(What is needed): When you return the data, keep every word exact and include none of the images.

(Dataset extract):
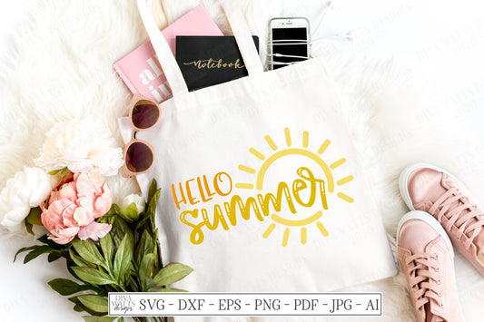 SVG | Hello Summer | Cutting File | Sun Sunshine | Vacation | Beach | Cricut Silhouette | Sign Shirt Tote | Vinyl Stencil HTV | dxf eps png
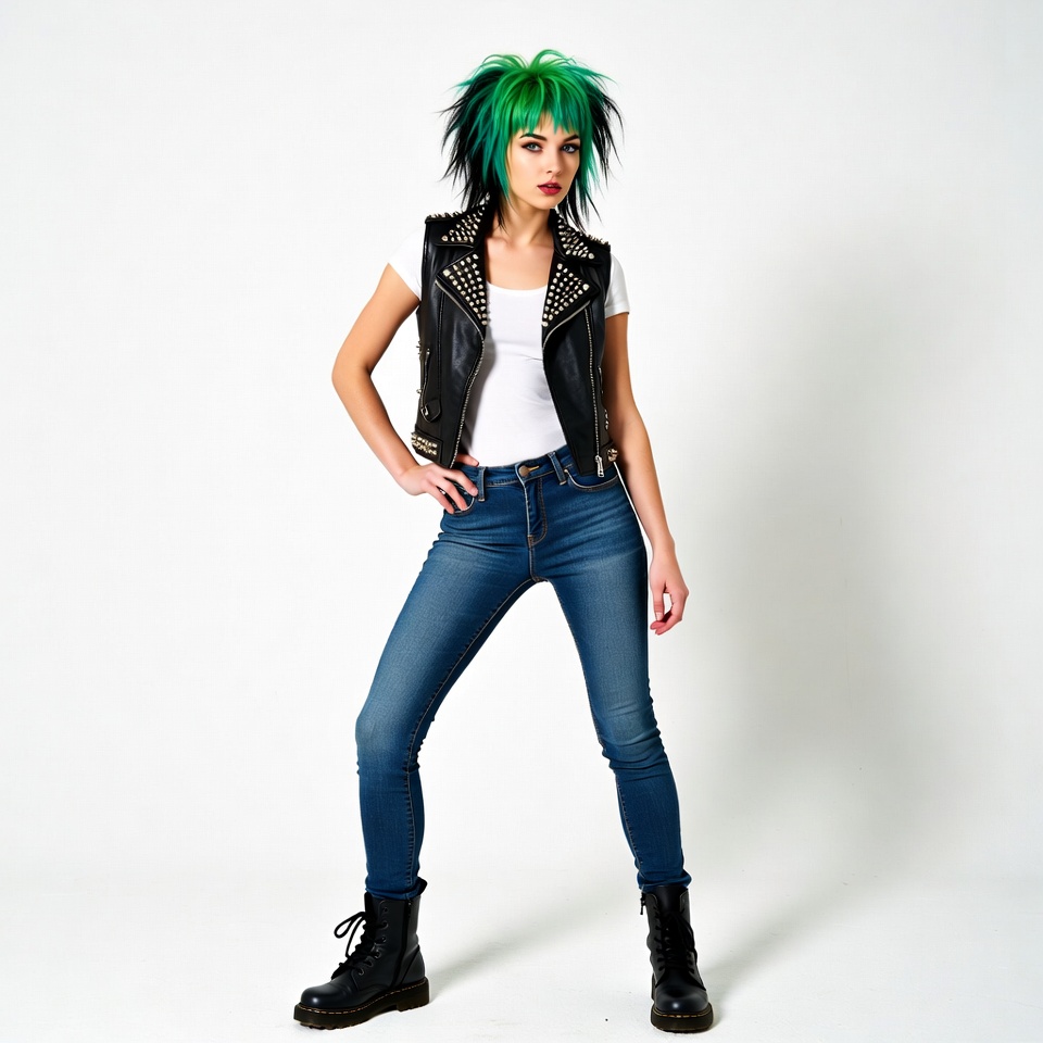 A young woman with a vibrant green spiked punk hairstyle stands confidently on a white background. She wears a black studded leather vest over a white tank top, blue skinny jeans, and black combat boots. Her pose features one hand on her hip and a direct gaze at the camera.
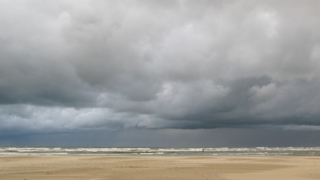 of het bijna egaal donkere regengordijn tot op de golven.

(Output of the exercise):
 SVG | Hello Summer | Cutting File | Sun Sunshine | Vacation | Beach | Cricut Silhouette | Sign Shirt Tote | Vinyl Stencil HTV | dxf eps png
 A young woman with a vibrant green spiked punk hairstyle stands confidently on a white background. She wears a black studded leather vest over a white tank top, blue skinny jeans, and black combat boots. Her pose features one hand on her hip and a direct gaze at the camera.
 of het bijna egaal donkere regengordijn tot op de golven.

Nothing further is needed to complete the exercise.